Okay that's helpful. Thanks Kevin for the color. I guess another way to look at it and David may have touched on this a little bit. With respect to the types of accounts you've targeted here Q4 and those that you may be targeting over the next say 12 to 24 months. Is there a demonstrable difference in the complexion of the account that you have sort of under the candid base point in time versus those will be targeting over the next one to two years. And does that at all pose any risk if it relates to sales rep productivity. I guess what I'm thinking about there is if you're targeting perhaps the counsel have are smaller in some way or lower volumes.
Perhaps it's harder to keep the climb the productivity curve or vice versa, I suppose as well.
I don't think so Jason. I think the primary driver in the marketplace has been physician practice acquisition and consolidation. It's estimated at somewhere between 75% and 85% of cardiology practices are owned or leased by hospital systems. It wasn't that way when we started ZIO® in 2012. It was less than that. And that's actually made our job maybe a little bit easier in that the drive towards value versus drive towards volume plays well into our strategy overall. So selling to large health systems, selling a value proposition that is quantifiable to patients and providers in patients makes our job a little bit easier.
And I am less worried about being able to penetrate based upon size. It's more of the market dynamics of what's going on with physician practices, challenges with payors, things of that nature that are – that we've talked a lot about in the past.
Thank you. That's very helpful. Just a few a few quick ones and I will let others step in as well. You mentioned O-U.S. investments.
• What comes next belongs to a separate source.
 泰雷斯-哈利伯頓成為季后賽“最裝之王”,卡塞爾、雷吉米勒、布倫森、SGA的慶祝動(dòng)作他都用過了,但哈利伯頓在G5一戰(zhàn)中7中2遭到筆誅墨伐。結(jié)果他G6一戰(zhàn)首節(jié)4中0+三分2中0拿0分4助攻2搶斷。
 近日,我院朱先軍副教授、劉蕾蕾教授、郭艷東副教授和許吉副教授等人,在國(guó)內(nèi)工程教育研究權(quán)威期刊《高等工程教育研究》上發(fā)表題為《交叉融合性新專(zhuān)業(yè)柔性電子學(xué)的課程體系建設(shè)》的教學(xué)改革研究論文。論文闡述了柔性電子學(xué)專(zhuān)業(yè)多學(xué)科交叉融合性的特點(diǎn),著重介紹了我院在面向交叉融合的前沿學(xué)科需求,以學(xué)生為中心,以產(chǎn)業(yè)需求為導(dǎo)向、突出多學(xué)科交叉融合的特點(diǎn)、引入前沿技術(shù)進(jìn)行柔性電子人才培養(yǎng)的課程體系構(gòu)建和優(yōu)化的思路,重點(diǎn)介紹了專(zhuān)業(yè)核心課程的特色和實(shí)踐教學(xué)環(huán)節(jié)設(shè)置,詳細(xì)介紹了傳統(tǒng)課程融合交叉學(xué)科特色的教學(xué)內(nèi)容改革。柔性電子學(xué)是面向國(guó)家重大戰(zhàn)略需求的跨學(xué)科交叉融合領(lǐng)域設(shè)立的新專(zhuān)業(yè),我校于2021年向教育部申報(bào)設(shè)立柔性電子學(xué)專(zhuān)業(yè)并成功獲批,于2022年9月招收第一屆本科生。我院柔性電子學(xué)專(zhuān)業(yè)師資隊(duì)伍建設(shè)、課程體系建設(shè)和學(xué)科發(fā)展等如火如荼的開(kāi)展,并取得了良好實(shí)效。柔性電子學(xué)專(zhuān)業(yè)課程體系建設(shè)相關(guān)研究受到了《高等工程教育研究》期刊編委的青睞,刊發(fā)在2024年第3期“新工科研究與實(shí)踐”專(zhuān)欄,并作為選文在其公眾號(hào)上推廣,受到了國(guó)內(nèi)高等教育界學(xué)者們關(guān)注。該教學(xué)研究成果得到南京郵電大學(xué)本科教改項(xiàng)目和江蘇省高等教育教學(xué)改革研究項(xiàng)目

Kevin I'm wondering is we model out over a longer period of time, when should we start to see some contribution from the international markets? And in what form will that be, will it be a similar model to the United States or is it too early to give us anything on that front.
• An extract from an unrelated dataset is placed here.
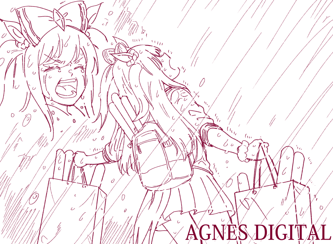 agnes_digital_(umamusume) animal_ears bag casual character_name comiket_100 commentary_request crying horse_ears horse_girl horse_tail looking_up meme monochrome open_mouth outstretched_arms parody rain spread_arms taguchi_kenji_(omaep) tail umamusume

And then Matt for you gave some general color on unit and growth contribution – unit sorry and ASP contribution to growth in the quarter. Is it dissimilar in any way to sort of the trends we’ve seen in recent quarters and recent years? And if so could you give us a little bit more color on that front too? Thanks a lot.
Okay, I'll take the first one on international and I will pass it to Matt and he can talk about your second question. Jason I think it's too early for us to give any color on international market’s timing, costs, volume impact and so forth. I think it's way out in the future for us. And I just caution you to think about a large U.S. market that’s got 4.5 million tests in it that we’re very, very aggressively going after. As we said in the prepared remarks we’re planning for the longer term in some of these investments, new products, new indications and new geographies. Nothing to be pursued or nothing to be measured in the short term for us here over the next couple of years. I wouldn't do that.
And on volume.
Yes Jason on the other one, yes that’s – I don't think I mentioned that specifically in the call today but I think historically we have indicated that our growth overall is typically, is predominantly volume-driven. And I think we have been specific around 80%, 20%; 80% volume and 20% price. And our expectation remains that again as we mentioned in the past that in the next year 18 months we expect it to remain in that 80%, 20% sort of round.
Thank you guys, congrats again.
Thank you. I'm showing no further questions at this time, I'd like to turn the call back to Mr. Kevin King for any closing remarks.
Well thank you. Thank you all for joining us today on the call. We truly appreciate your interest in iRhythm. We look forward to keeping you informed about our progress on our next update. And operator we can end the call here. Thanks very much everyone.
Ladies and gentlemen, thank you for participating in today's conference. This concludes today's program you may all disconnect. Everyone, have a great day.